I'm not sure why the proposal calls this "-cross-module-opt".
Test and debug the SIL optimizer
$ sil-opt A.sib -emit-sil \
-module-summary-path merged-module.summary \
--sil-cross-deadfuncelim
-
Finds A.swiftmodule and B.swiftmodule in the include path
-
I think we currently need to specify the .sib file's parent
.swiftmodule on the command line, but that seems silly. A.sib should
know that it comes from A.swiftmodule
CodeGen A
$ swift-frontend A.sib -c -o A.o -module-summary-path merged-module.summary
- Finds A.swiftmodule and B.swiftmodule in the include path
There seemed to be some confusion regarding the artifacts produced by the compiler.

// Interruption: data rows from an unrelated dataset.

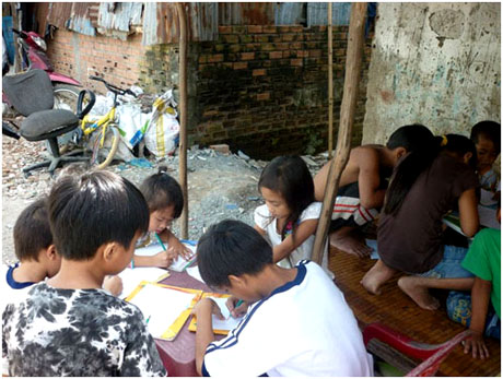 Trong khi nhiều bạn bè khác đi làm gia sư tại nhà cho những gia đình khá giả trong khu vực Thành phố Hồ Chí Minh, thì những bạn trẻ này lại là những “ gia sư tại nhà miễn phí” cho những em nhỏ của hơn 60 hộ dân ở xóm nghèo này, cùng các em nuôi giấc mơ trong gian khó.
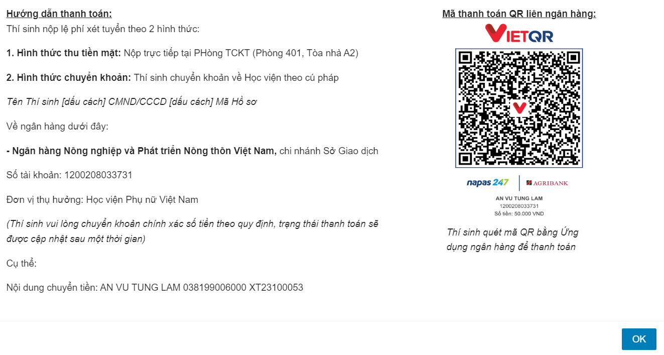 Bước 13: Thí sinh xem hướng dẫn thanh toán thì nhấn nút Xem Thông tin thanh toán và sẽ hiện ra bảng dưới đây. Bảng hiển thị Lệ phí của thí sinh phải thanh toán và nội dung thanh toán (Đối với thí sinh chuyển khoản liên Ngân hàng). Thí sinh lưu ý soạn đúng theo Nội dung mà Học viện đã soạn sẵn để có Học viện dễ dàng đối soát hoặc thí sinh quét QR code trên ứng dụng Mobile banking để thanh toán lệ phí xét tuyển. Thí sinh chụp màn hình hoặc lưu biên lai thu lệ phí để có căn cứ khi Học viện cần đối chứng.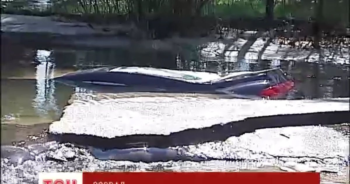 "Ми бачили, як почав провалюватися асфальт, і стала йти вода з-під землі. Машина зразу перехилилася на правий бік, і потім затягло уже як би під асфальт", - розповів студент Максим Жоголь.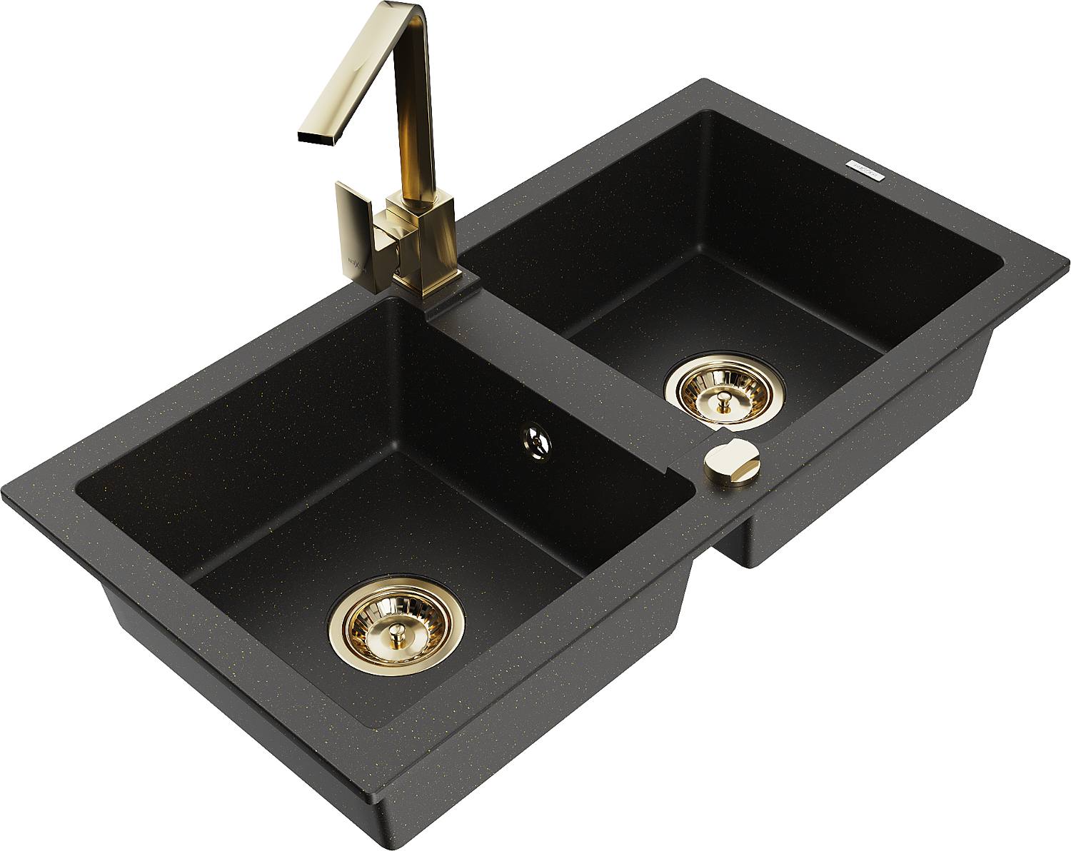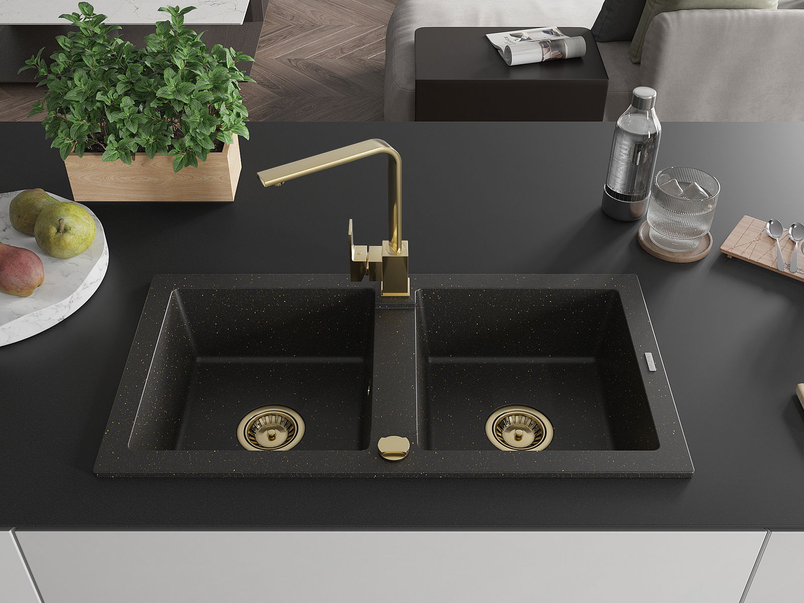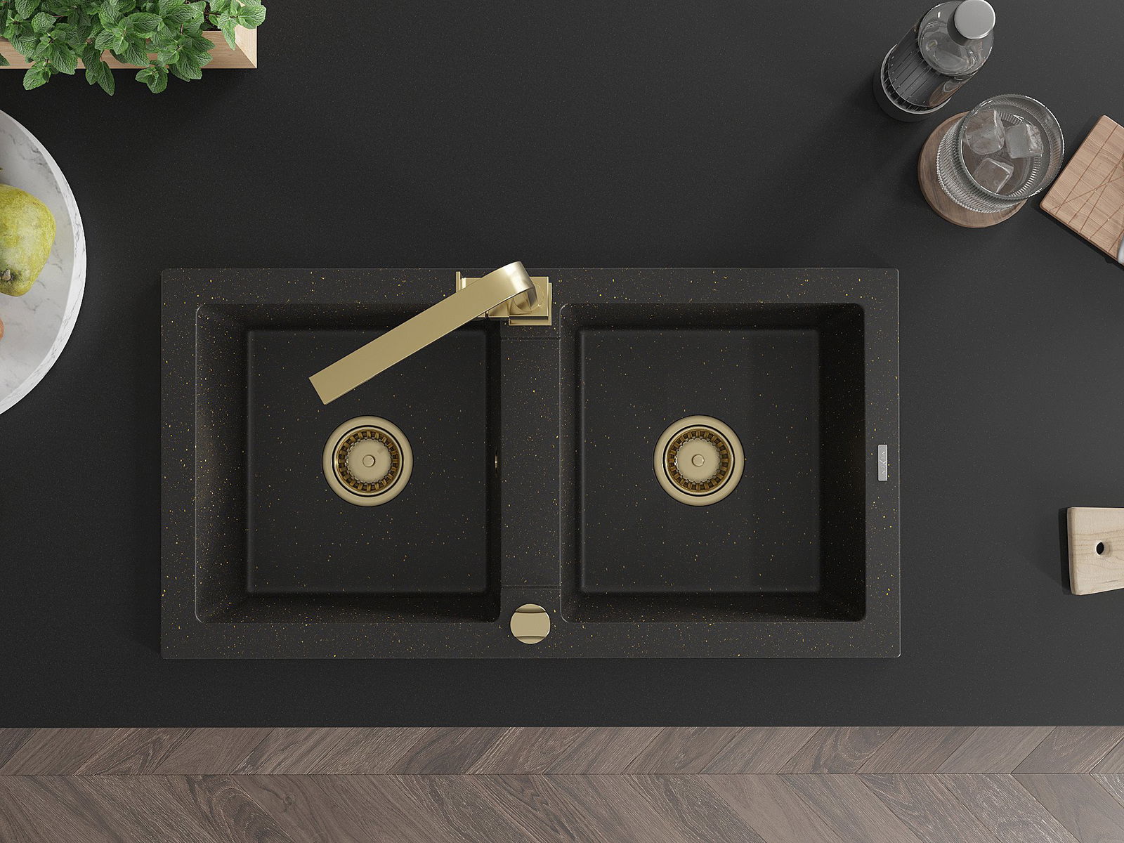 Mexen Mario évier en granit à 2 bacs avec robinet de cuisine Rita, noir/or métallique - 6504-75-670300-50

Here's my take on that...
It's useful to separate information that has different dependence information, different lifetime, or needs to be individuated on a command line into separate files.
.swiftmodule: "what a module exports"
-
somewhat analogous to a combined header
-
produced by a single well-defined SIL serialization point in the
optimizer pipeline (prior to dropping any semantics).
-
self-contained, AST, SIL-level declarations, and exported function
body definitions.
-
may depend on information from function bodies that aren't included
(at least as-is today). Ideally we would have a way of recording
those dependencies on .swift files, and/or avoid introducing them, to
support incremental cross-module optimization.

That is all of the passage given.